London Briefing Fiona WalshSo far, so good: shares in Vodafone crept to a 15-month peak earlier this week as the group emerged victorious in the fierce battle for control of Hutchison Essar, India's fourth-largest mobile phone firm.
The all-cash bid values Hutchison Essar, known as Hutch, at almost $19 billion, and is the largest-ever foreign investment in India. To clinch the deal, Vodafone fought off rival bids from India's second-largest mobile operator, Reliance Communications, and also from the Indian Hinduja conglomerate.
That was the easy bit. Now Vodafone chief executive Arun Sarin must convince doubters in the City of London that the deal can be made to pay. Although initial reaction was good, pushing Vodafone shares higher, that was partly on relief the auction price had not climbed above the $20 billion mark.
The strategy of taking a major stake in the emerging Indian market is not in question - only the price that Vodafone has paid to secure it. Its track record on over-paying for acquisitions is not a good one: Vodafone set the record for the biggest hostile takeover in corporate history when it bought Germany's Mannesmann in 2000 for £112 billion.
The deal, clinched at the height of the dotcom boom, proved hugely expensive and massive write-downs on the Mannesmann business last year saw Vodafone claim a new corporate record - Britain's biggest-ever loss of £14.9 billion.
It is the huge growth prospects of the Indian market that have encouraged Sarin, who faced an investor revolt last year, to risk further shareholder wrath with the Hutch deal. While mobile phone penetration in Europe is now running at more than 100 per cent (in other words, there are more mobile phones than there are people) just 13 per cent of India's 1.1 billion population has a mobile phone.
The market is growing rapidly, however. Handset numbers more than doubled to 142 million last year - a growth rate which outstripped even that of China. This year, the figure is forecast to rise by another 50 per cent, with more than six million new subscribers being added every month.
By 2010, it is estimated there will be more than 500 million mobile users in India. As well as targeting the well-off middle classes in Mumbai and Bangalore, mobile phone operators are tailoring their handsets to the vast rural population of India. For example, Motorola recently launched a low-cost icon-based handset to appeal to customers who cannot read. The phones are also made with long battery life and designed to be readable even in the harshest sunlight.
As the country's fourth-largest mobile phone operator, Hutch has just over 23 million subscribers and, backed by Vodafone, it looks set for a rapid increase in its share of the booming market.
Meanwhile, back in Britain and the rest of the saturated Europe market, operators such as Vodafone are increasingly looking to new models and add-ons to achieve growth. As the Hutch deal was announced in India, back home Vodafone was unveiling the latest in a series of moves designed to stretch revenues in its more mature markets.

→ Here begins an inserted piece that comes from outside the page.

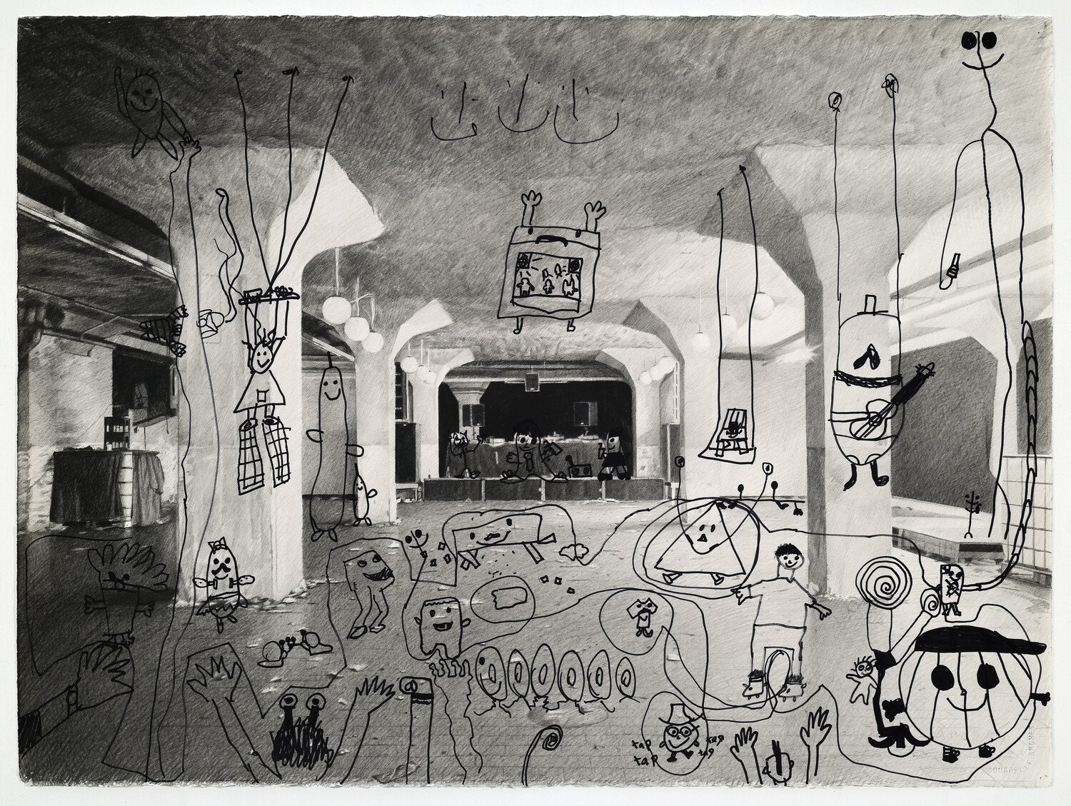 Doch der radikale Bruch entsteht erst durch die Übermalung seiner sechsjährigen Tochter. Mit bunten Strichen, Figuren, Ornamenten und ungebändigter Fantasie belebt sie diese erstarrten Räume, als würden Kinderprojektionen die verlorene Gemeinschaft ersetzen. Was in der Realität verboten war – tanzen, zusammen sein, laut und körperlich sein – findet im kindlichen Spiel plötzlich wieder statt. Die Clubs werden zu Bühnen ihres freien Erfindens, zu Orten, an denen niemand Regeln festlegt.

It has linked up with the search engine Google to develop a location-based version of Google Maps for downloading to mobile phones. It will offer maps and local listings, as well as search and navigation tools.

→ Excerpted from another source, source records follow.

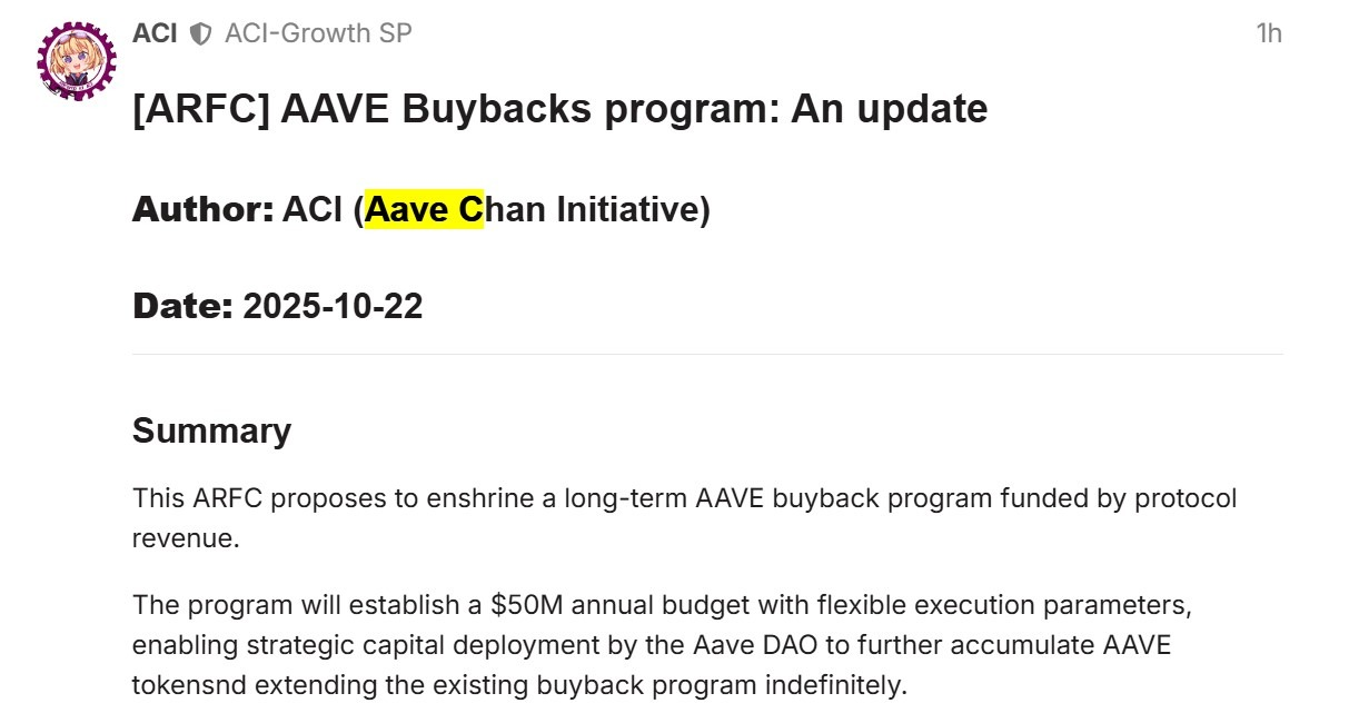 • Aave DAO proposes a permanent $50 million annual buyback program using protocol-generated revenue.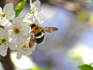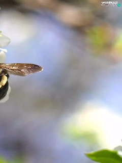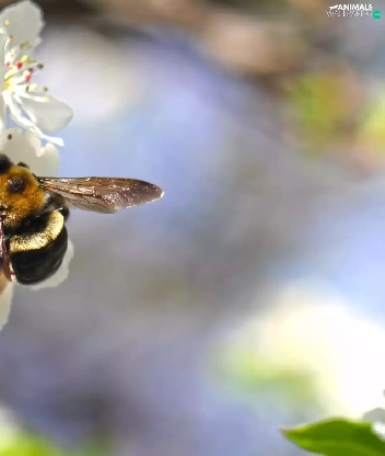 White, kirsch, bee, Flowers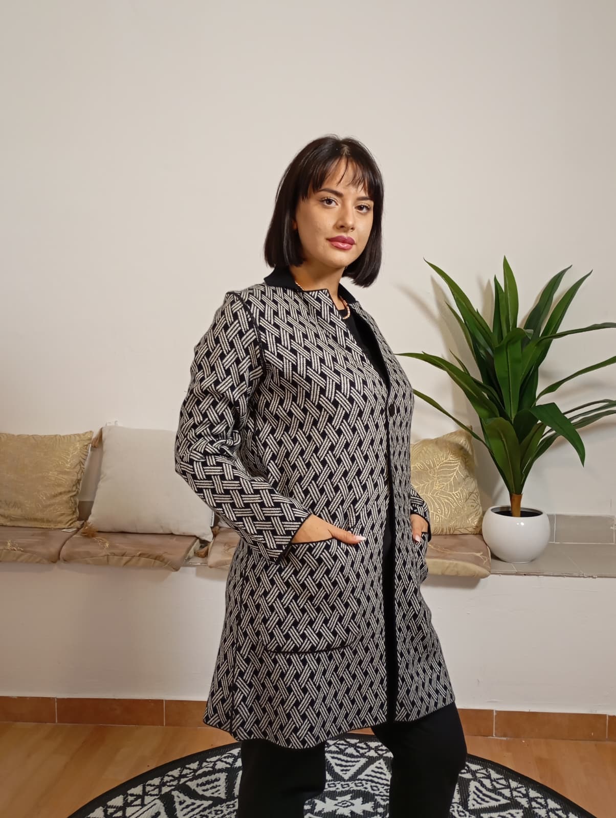 Il cardigan Maidamila, privo di cappuccio, è caratterizzato da tasche funzionali e un colletto alto. Il capo presenta dettagli unici distribuiti su tutta la superficie. Realizzato in un mix di 40% lana, 30% acrilico e 30% poliammide, offre equilibrio tra calore e resistenza. La modella indossa una taglia adatta a un'altezza di 170 cm e un peso di 62 kg.

It is also linking up with Citigroup on a mobile-based international money transfer service, which will allow money to be transferred internationally from person to person using mobile technology.
The new services may well prove popular with mobile users lost in an unfamiliar town or migrant workers wanting to send money home. But Vodafone and its rivals are well aware that real growth in the future will come from signing up new subscribers in India and other emerging markets, rather than squeezing cash from extra services to European customers.
Furse victory
Like Arun Sarin, London Stock Exchange (LSE) chief executive Clara Furse has just clinched a notable victory in the M&A field. Only, in her case, she successfully defended her company against yet another takeover move.
By the final deadline last weekend, holders of only a handful of LSE shares had accepted terms of the hostile £2.7 billion bid launched by the rival American exchange, Nasdaq.
This is the fourth time in two years that the LSE has managed to ward off a takeover attempt, insisting that all offers have undervalued its growth prospects.
Nasdaq made great play of the threatened competition from a group of investment banks which are planning to launch a rival trading platform, a move which has already seen the LSE cut its charges. But investors clearly believe their shares will be worth more with the LSE retaining its independence than the £12.43 terms offered by Nasdaq.
Like Sarin in the wake of his Indian deal, Furse will now have to live up to investors' expectations. Her task will not be made any easier by the continuing presence of failed-bidder Nasdaq on the LSE share register - the US exchange built up a 28.75 per cent shareholding in the group during the course of its pursuit and has said it is determined to retain its stake.
The LSE is expected to pursue link-ups with the Tokyo Stock Exchange and the Mumbai stock market, among others, and will also be rewarding investors for their loyalty with a £250 million share buyback programme.
If Furse's confidence in the LSE's growth prospects are well-founded, Nasdaq should be sitting on a good investment. If not, then the US exchange will be free to bid again in 12 months' time.